* PROBLEM DETAILS *
Keeping pictures out of the copy, restate each record word for word.

* Data excerpts *
__________

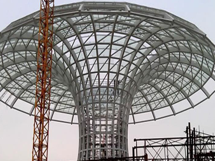 二、球形网架结构因其结构新颖,受力合理,自重轻、用钢量低等优点。如大型体育场馆球形凌源螺栓球网架、公共场馆球形网架、电厂凌源螺栓球网架、水泥工业球形网架、仓储物流球形网架、凌源干煤棚工业球形网架、凌源收费站凌源加油站球形网架、展览中心、影剧院、商场、航站楼、候车厅、工厂凌源车间、仓库、电视塔等球形螺栓球节点网架。国内球形网架结构主要分为:凌源焊接球节点网架及螺栓球节点网架两种。螺栓球节点网架其构件工厂内加工量较大,现场安装便捷,适用于现场工期紧,凌源施工条件、用电量受制约,网架形状复杂、凌源杆件定位困难的异形结构。螺栓球节点球形网架系统基本由凌源杆件、螺栓球、支撑支座等组成。按照节点形式可分为交叉凌源桁架体系、四角锥体系、三角锥体系等。支撑方式多为固定支座支撑。对于大面积、大跨度及有特殊受力或伸缩要求的网架结构可采用橡胶支座、滑移支座、球铰支座等支撑形式,以满足结构自身的受力稳定、均衡,便于内力释放等设计要求。
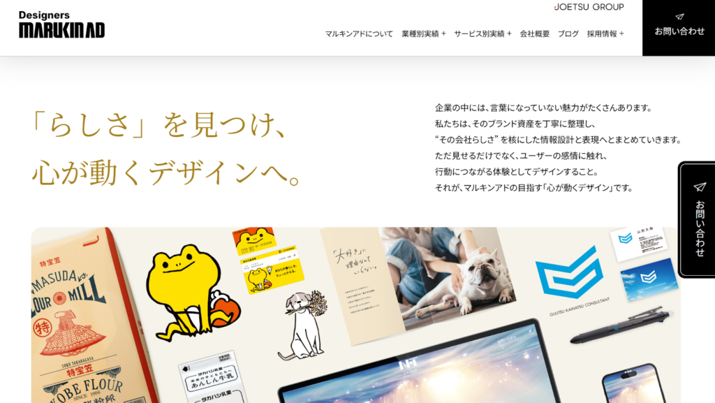 マルキンアド株式会社は、群馬県前橋市を拠点に「心が動くデザイン」を提唱する総合クリエイティブカンパニーです。JOETSUグループの一員として、年間500件以上の豊富な実績を誇ります。企業の潜在的な魅力を掘り起こし、その会社独自の「らしさ」を言語化・視覚化するブランディングを得意としています。
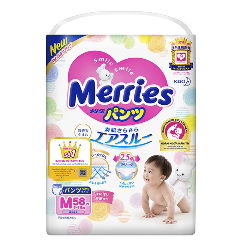Bỉm quần Merries M58 được sản xuất theo công nghệ Nhật Bản an toàn và không gây kích ứng da dành cho các bé
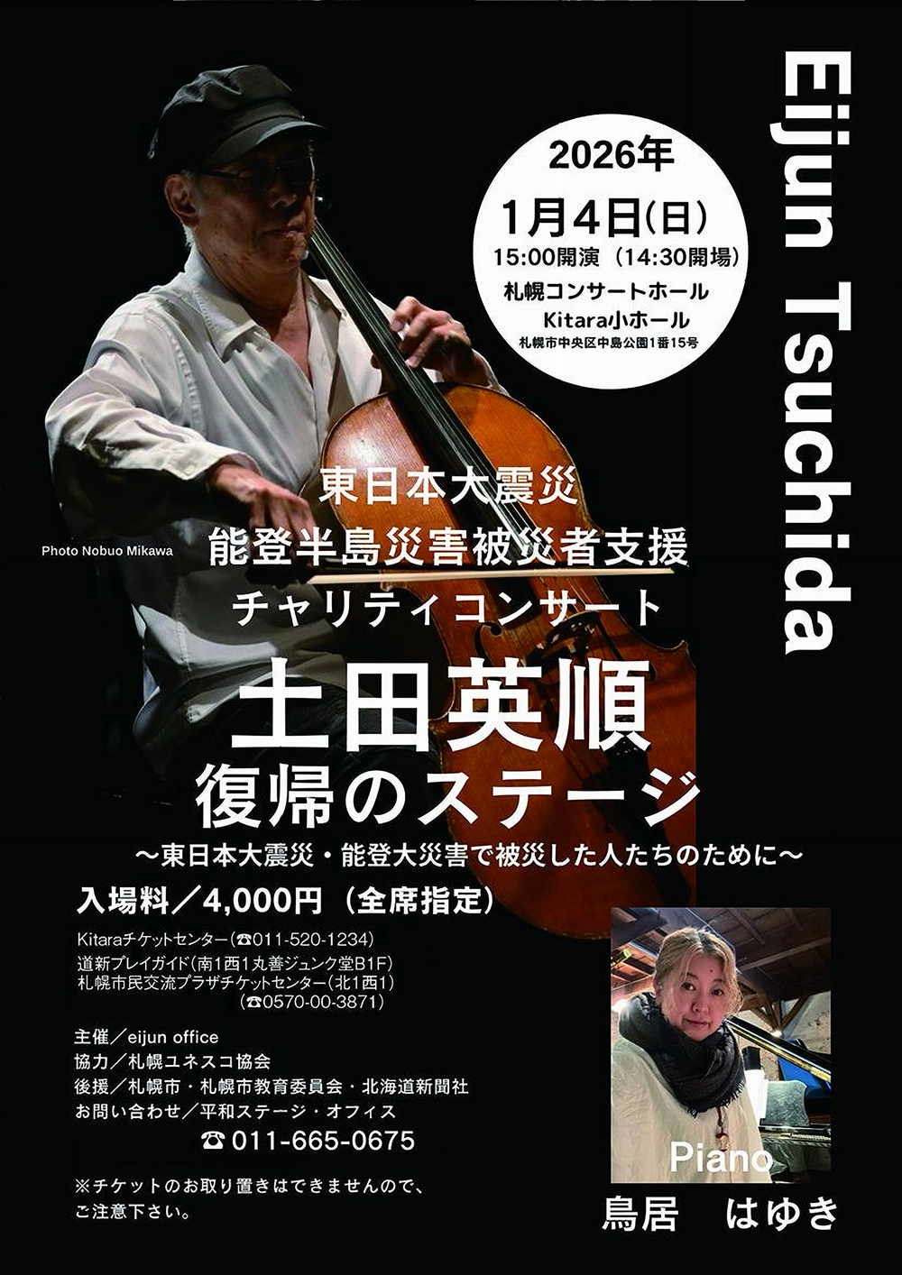 東日本大震災・能登半島災害被害者支援チャリティコンサート 土田英順 復帰のステージ 〜東日本大震災・能登大災害で 被災した人たちのために〜 1月4日(日)15:00 札幌コンサートホールKitara小ホール 出演 チェロ/土田 英順(元札響チェロ首席奏者) ピアノ/鳥居はゆき(フリーランスピアニスト) 曲目 第1部 F.M.ヴェラチーニ/ラルゴ G.カッチーニ/アヴェ・マリア C.グノー/アヴェ・マリア F.シューベルト/アヴェ・マリア F.ショパン/チェロ・ソナタOp.65第3楽章 F.ショパン/ノクターン第20番 F.ショパン/ノクターン第2番 第2部 S.ラフマニノフ/ヴォカリーズOp.34-14 A.ピアソラ/ブエノスアイレスの四季 |
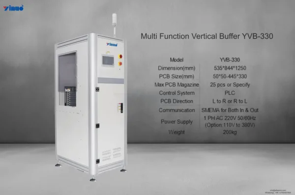 Ideal for electronics, LED, automotive, and communication product manufacturing, the SMT Multi Function Vertical Buffer YVB-330 delivers reliable performance, flexible operation, and long-term stability, making it an indispensable component of automated SMT handling systems.
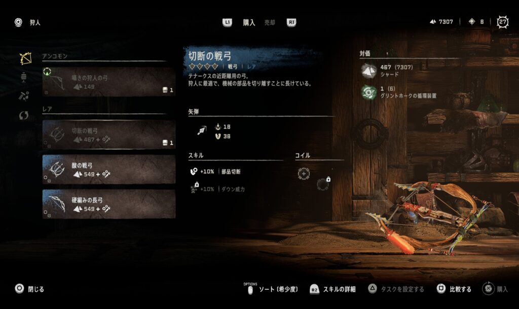 初心者は攻撃力が弱くて切断力が比較的高い「切断の戦弓」を買っておきましょう。近くのカージャの野営地で売っています。強力な弓で牙を何度も打ち損じると、牙を取る前にワイドモウが倒れてしまうからです。

__________

* RESULT OF THE EXERCISE *
 二、球形网架结构因其结构新颖,受力合理,自重轻、用钢量低等优点。如大型体育场馆球形凌源螺栓球网架、公共场馆球形网架、电厂凌源螺栓球网架、水泥工业球形网架、仓储物流球形网架、凌源干煤棚工业球形网架、凌源收费站凌源加油站球形网架、展览中心、影剧院、商场、航站楼、候车厅、工厂凌源车间、仓库、电视塔等球形螺栓球节点网架。国内球形网架结构主要分为:凌源焊接球节点网架及螺栓球节点网架两种。螺栓球节点网架其构件工厂内加工量较大,现场安装便捷,适用于现场工期紧,凌源施工条件、用电量受制约,网架形状复杂、凌源杆件定位困难的异形结构。螺栓球节点球形网架系统基本由凌源杆件、螺栓球、支撑支座等组成。按照节点形式可分为交叉凌源桁架体系、四角锥体系、三角锥体系等。支撑方式多为固定支座支撑。对于大面积、大跨度及有特殊受力或伸缩要求的网架结构可采用橡胶支座、滑移支座、球铰支座等支撑形式,以满足结构自身的受力稳定、均衡,便于内力释放等设计要求。
 マルキンアド株式会社は、群馬県前橋市を拠点に「心が動くデザイン」を提唱する総合クリエイティブカンパニーです。JOETSUグループの一員として、年間500件以上の豊富な実績を誇ります。企業の潜在的な魅力を掘り起こし、その会社独自の「らしさ」を言語化・視覚化するブランディングを得意としています。
Bỉm quần Merries M58 được sản xuất theo công nghệ Nhật Bản an toàn và không gây kích ứng da dành cho các bé
 東日本大震災・能登半島災害被害者支援チャリティコンサート 土田英順 復帰のステージ 〜東日本大震災・能登大災害で 被災した人たちのために〜 1月4日(日)15:00 札幌コンサートホールKitara小ホール 出演 チェロ/土田 英順(元札響チェロ首席奏者) ピアノ/鳥居はゆき(フリーランスピアニスト) 曲目 第1部 F.M.ヴェラチーニ/ラルゴ G.カッチーニ/アヴェ・マリア C.グノー/アヴェ・マリア F.シューベルト/アヴェ・マリア F.ショパン/チェロ・ソナタOp.65第3楽章 F.ショパン/ノクターン第20番 F.ショパン/ノクターン第2番 第2部 S.ラフマニノフ/ヴォカリーズOp.34-14 A.ピアソラ/ブエノスアイレスの四季 |
 Ideal for electronics, LED, automotive, and communication product manufacturing, the SMT Multi Function Vertical Buffer YVB-330 delivers reliable performance, flexible operation, and long-term stability, making it an indispensable component of automated SMT handling systems.
 初心者は攻撃力が弱くて切断力が比較的高い「切断の戦弓」を買っておきましょう。近くのカージャの野営地で売っています。強力な弓で牙を何度も打ち損じると、牙を取る前にワイドモウが倒れてしまうからです。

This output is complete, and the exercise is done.